Wuxia is Chinese martial arts fiction featuring heroism, usually set in imperial China. The main protagonist is often a hero who is incredibly skilled and seeking justice.
Most of the entries followed a training-story structure where their hero was trained first and then thrown into action but the story that stood out the most, was one of the few that focused their storyline on the protagonist’s mission for justice.
Though Wuxia is a form that lends itself to the language of folklore and legend, I found some of the stories were a bit heavy handed on this language and had the tendency to become too flowery, detracting from the story.
Ironically, a form like this, with well-defined tropes, can often be one of the most difficult forms to get right because you can easily slip into cliché. I found that though these stories started out well, they often ended up succumbing to this pitfall.
I was impressed by the correct Chinese terms and phrases that were used throughout the stories. The writers had done their research about the culture and I found it added authenticity to their writing. For the most part, I found that the entrants have a good understanding of storytelling but often, weak fundamentals drew me out of the story and left me frustrated.
Unfortunately, all but one of the entries were incorrectly formatted.

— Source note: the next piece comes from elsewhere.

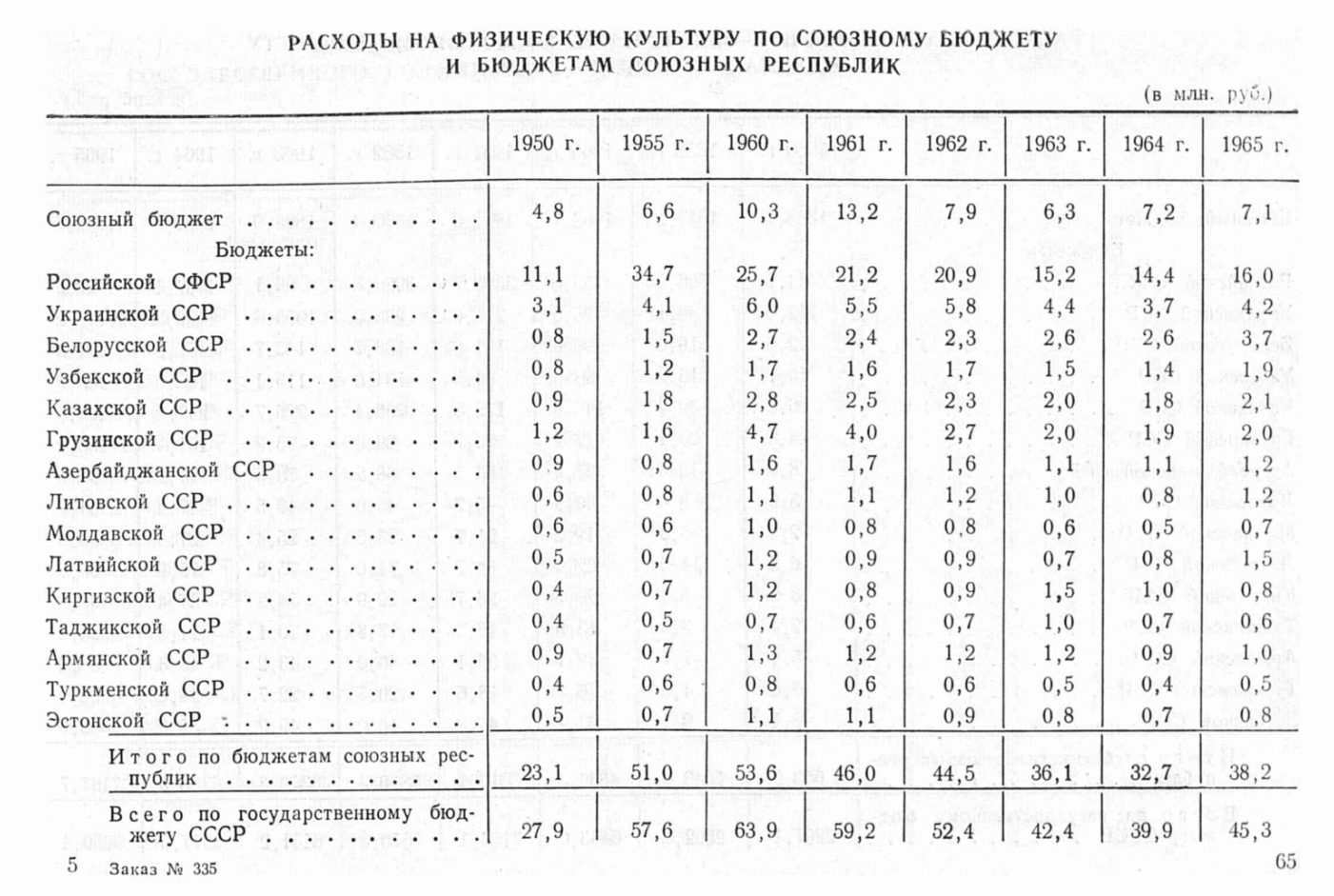 Содержит сведения о расходах союзного бюджета и бюджетов союзных республик СССР на физическую культуру в периоды 1950, 1955, 1960-1965 в миллионах рублей.

This seems like a petty thing because the focus is on storytelling but in order to prepare yourselves for professional submission, you have to get this right. Agents and publishers will not give your manuscript or short story a second glance if your formatting is incorrect. Do yourself a favour and research this. William Shunn has some fantastic examples of how to do this correctly – for both novels and short stories.
I also felt that every single entry could have done with more editing – not just in terms of formatting but tense usage, grammar, and confusing descriptions. I highly recommend reading your stories aloud while you edit so that you can hear, as well as read, your mistakes.

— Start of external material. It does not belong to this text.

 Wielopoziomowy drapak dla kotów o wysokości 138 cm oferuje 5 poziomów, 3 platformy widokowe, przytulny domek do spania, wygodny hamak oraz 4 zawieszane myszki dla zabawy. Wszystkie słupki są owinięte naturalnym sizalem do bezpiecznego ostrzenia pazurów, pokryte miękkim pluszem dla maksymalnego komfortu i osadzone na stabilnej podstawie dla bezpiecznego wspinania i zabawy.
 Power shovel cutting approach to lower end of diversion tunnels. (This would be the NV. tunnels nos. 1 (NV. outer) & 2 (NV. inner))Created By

In spite of what seems like a lot of criticism, I enjoyed reading these stories. I am always proud to see writers giving their work over for feedback because it takes great courage to share your work.
The most important thing I would like to say to the entrants: you are all apprentices in a craft where no one is a master. In other words, being a writer means that you will always be learning. Always. This is what the critique is for – to learn how to improve your craft. I am also a writer, and therefore I am not a master either, I am only further down the road than you and can only offer advice based on the things I have learned on the road ahead. So take my opinions on your story with an open mind and a learning disposition – they are only given in order to help you become a better writer.
Basically, don’t give up because of a few mistakes, and never stop writing.
Well done to everyone who entered – I wish you the best of luck for your writing career.